Sentenza Diarra: come la Corte UE cambia le regole FIFA sui contratti dei calciatori

Guglielmo Tornitore
24/05/2025
Interessi

È arrivata una nuova scossa dalle aule di Lussemburgo: la Corte di Giustizia dell’Unione Europea ha emesso una sentenza – la cosiddetta sentenza Diarra – destinata a riscrivere i rapporti tra calciatori e club. E non è affatto esagerato evocare la storica sentenza Bosman: ci troviamo di fronte a un cambiamento che potrebbe segnare un prima e un dopo nel calcio europeo.

A pochi giorni dall’apertura della finestra di calciomercato straordinaria riservata ai club qualificati al Mondiale per Club, il sindacato internazionale dei calciatori professionisti, FIFPRO, ha sganciato una notizia destinata a riecheggiare ben oltre l’estate: in forza della recente sentenza della Corte di Giustizia dell’Unione Europea sul caso Lassana Diarra, i calciatori possono ora rescindere unilateralmente il proprio contratto senza timore di sanzioni sportive o disciplinari. È una rivoluzione giuridica e sportiva che rischia di riplasmare l’intero ecosistema del calcio professionistico.

Il precedente Diarra: dal Lokomotiv Mosca alla CGUE

La vicenda ha origine nel 2014, quando Lassana Diarra, allora al culmine della sua carriera, decise di rompere il contratto con il Lokomotiv Mosca a causa di una drastica riduzione dello stipendio. La reazione del club fu durissima: Diarra venne squalificato e costretto a restare fermo per mesi, in attesa di un nuovo tesseramento. L’ex centrocampista francese, con il sostegno del sindacato francese UNFP e di FIFPRO, decise di portare la questione davanti alla giustizia europea.
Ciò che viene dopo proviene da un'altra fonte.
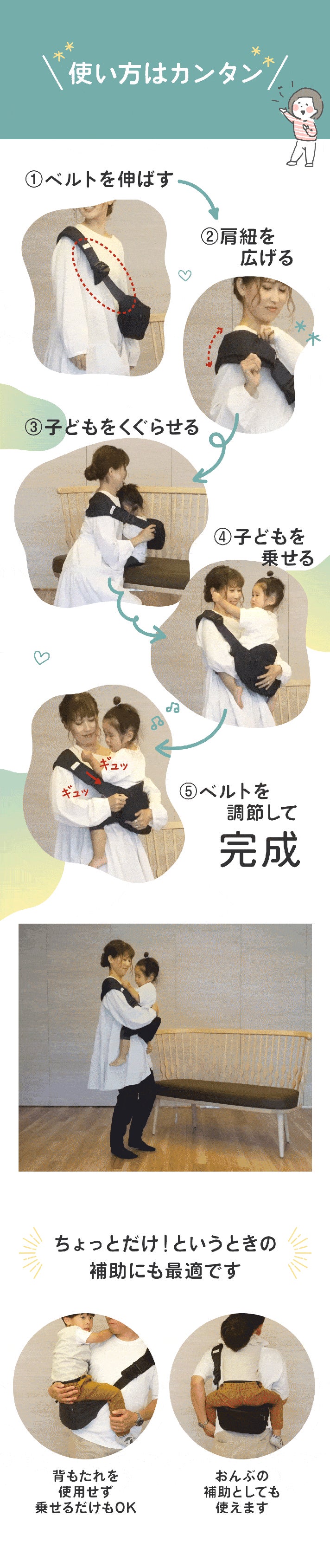 A:お子さんが嫌がった時は、無理に使用を続けるのではなく、心地よい体験を増やしながら、使用を続けてみてください。不安な方は、ベルトの調節の仕方や、抱っこの位置を人形等で確認してから、お子様を初めて抱っこして頂くことをお勧め致します。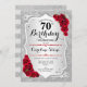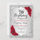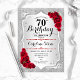 70:e födelsedagsinbjudan. Utformning av blommigt i elegant i silver och rött. Funktioner faux glitter silver rand, röd ros snyggt, skriptteckensnitt och konetti. Perfekt för en glam-födelsedagsfest.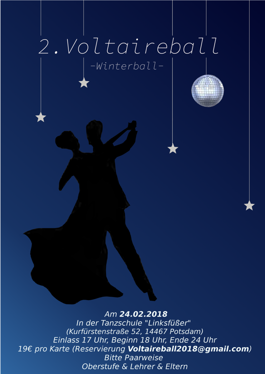 Am 24.02.2018 fand zum zweiten Mal in Folge der Voltaireball unter dem Motto “Winterball” statt. Um 18:00 Uhr begann für die rund 100 Gäste das offizielle Programm des Abends. Die Moderatoren Valentin Eckhard und David Grethe führten das Publikum mit ihrer charmanten Art durch den Abend.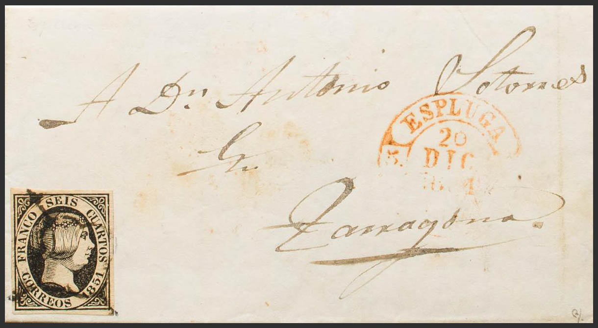 6. 1851. 6 cuartos black. ESPLUGA FROM FRANCOLI to TARRAGONA. In the front baeza ESPLUGA / CATALONIA. MAGNIFICENT AND RARE. Ex-Blight.

Dopo un lungo iter, la Corte di Giustizia dell’UE gli ha dato ragione, riconoscendo che le regole FIFA allora in vigore violavano il principio della libera circolazione dei lavoratori e i fondamenti del diritto contrattuale europeo. Il cuore della sentenza risiede in una constatazione tanto semplice quanto dirompente: non può esistere un sistema che punisce in maniera asimmetrica la rescissione contrattuale da parte dei lavoratori, quando i datori di lavoro (cioè i club) conservano invece margini molto più ampi.

Le reazioni della FIFPRO e l’ombra lunga della Bosman

Nel documento pubblicato a ridosso dell’apertura del mercato estivo, FIFPRO ha spiegato in dettaglio le conseguenze della sentenza Diarra, chiarendo che la vecchia nozione di “giusta causa” non potrà più essere utilizzata per ostacolare il diritto dei calciatori di porre fine al contratto. Gli indennizzi, se dovuti, dovranno essere calcolati secondo criteri proporzionati e nel rispetto della legislazione nazionale, ma il principio è stabilito: il calciatore è un lavoratore, non una proprietà.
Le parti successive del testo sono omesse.